**RECORDED DATA:**
┏━━

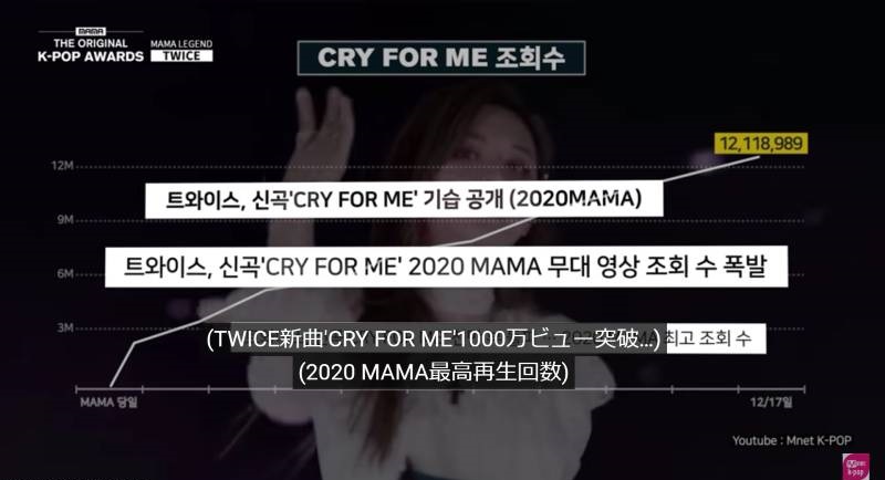 被稱為TWICE傳奇表演的就是2020年在「MAMA」上亮相的「CRY FOR ME」。2020年的「MAMA」受新型冠狀病毒的影響,無觀衆實施。雖然播放了事前拍攝的《MORE&MORE》、《I CAN’T STOP ME》、《CRY FOR ME》等3首歌曲的表演,但其中與TWICE概念180度不同的《CRY FOR ME》格外引人注目。
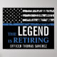 Ce design présente un drapeau de force de police avec des bandes noires et blanches, ainsi qu'une bande de ligne mince bleue. Le texte "La légende prend sa retraite" est situé au-dessus du nom personnalisable de l'agent de la force publique, shérif, capitaine ou chef qui part à la retraite. Célébrez cet événement marquant avec style !
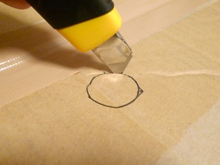 まず頭が入るぐらいの適当なダンボールを用意する。 なお「下」の文字は以前配達に使ったとき書いたもので、今回のとはなにも関係ありません。
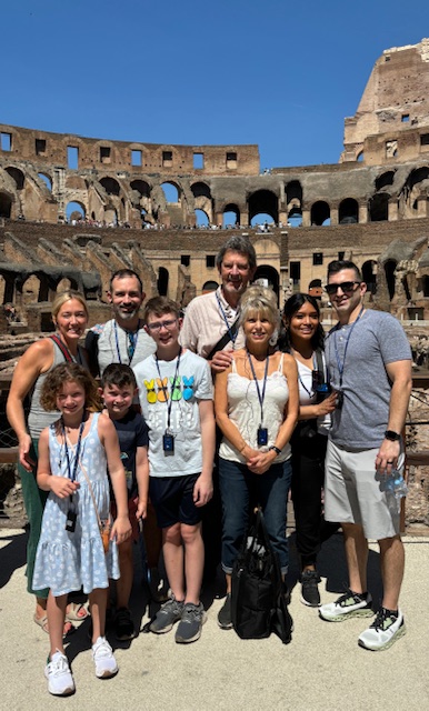 The whole crew inside the Roman Colosseum.

┗━━

**EXERCISE INSTRUCTIONS:** Find the line containing "まず頭が入るぐらいの適当なダ", then extract it and every line after it to the end of the data above, exactly and nothing else, without pictures.

**RESPONSE:**
 まず頭が入るぐらいの適当なダンボールを用意する。 なお「下」の文字は以前配達に使ったとき書いたもので、今回のとはなにも関係ありません。
 The whole crew inside the Roman Colosseum.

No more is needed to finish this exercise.